DATA FOR PROCESSING:
::::
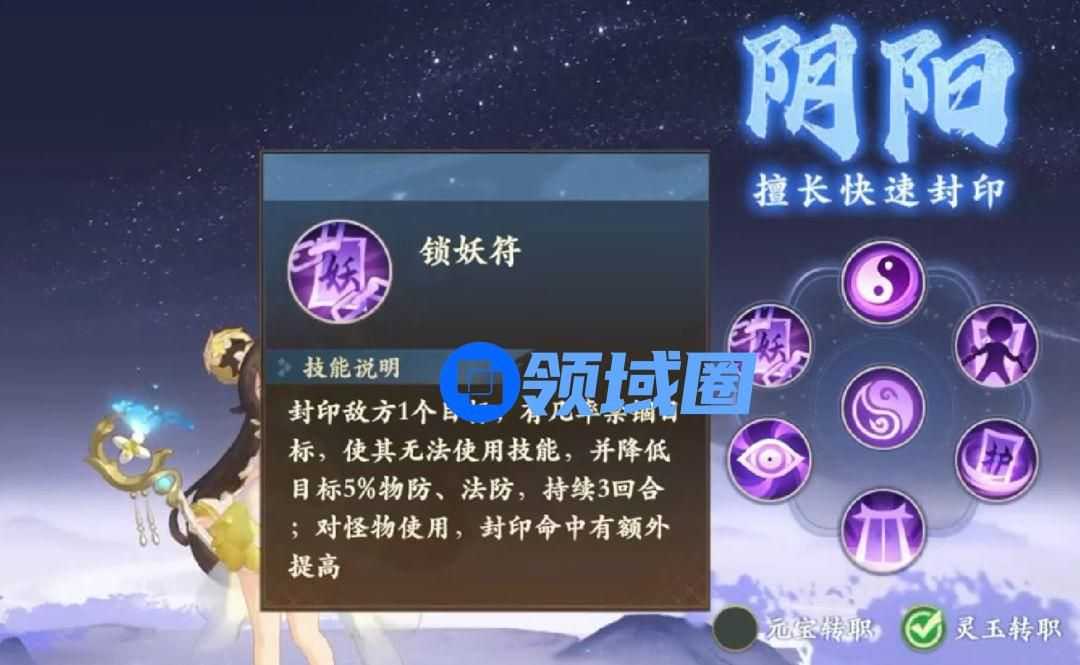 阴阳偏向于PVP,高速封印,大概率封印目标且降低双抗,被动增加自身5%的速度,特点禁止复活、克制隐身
::::
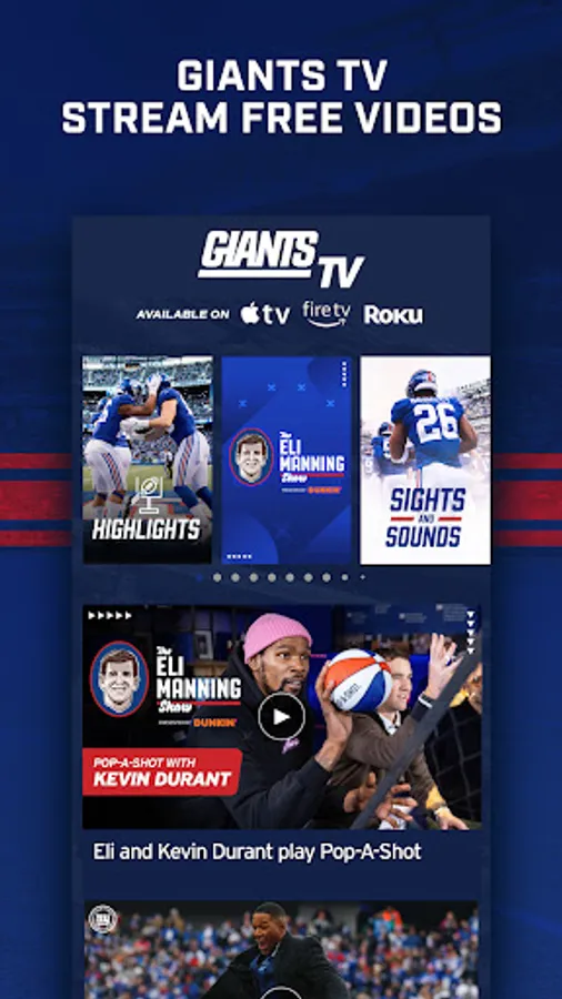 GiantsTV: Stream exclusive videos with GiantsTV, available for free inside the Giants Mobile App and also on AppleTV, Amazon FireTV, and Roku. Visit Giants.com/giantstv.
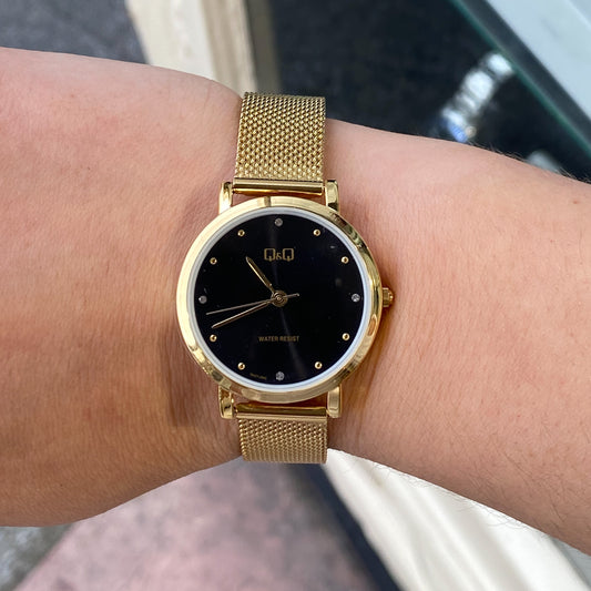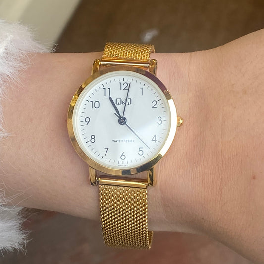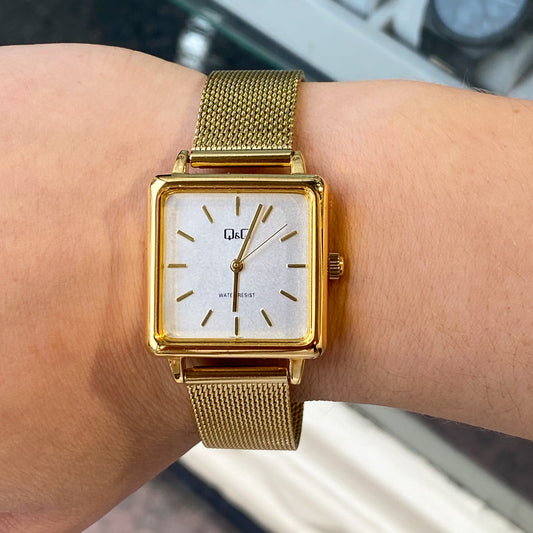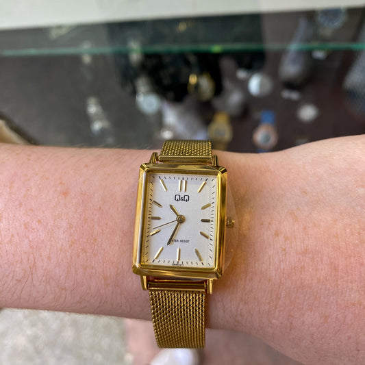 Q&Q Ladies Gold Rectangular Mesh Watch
::::
THE TASK: Repeat, without pictures, exactly the lines of the data above from the one containing "GiantsTV: Stream exclusive" through the one containing "Q&Q Ladies Gold Rectangular Mesh Watch", including both and adding nothing.

SOLUTION TO THIS PROBLEM:
 GiantsTV: Stream exclusive videos with GiantsTV, available for free inside the Giants Mobile App and also on AppleTV, Amazon FireTV, and Roku. Visit Giants.com/giantstv.
 Q&Q Ladies Gold Rectangular Mesh Watch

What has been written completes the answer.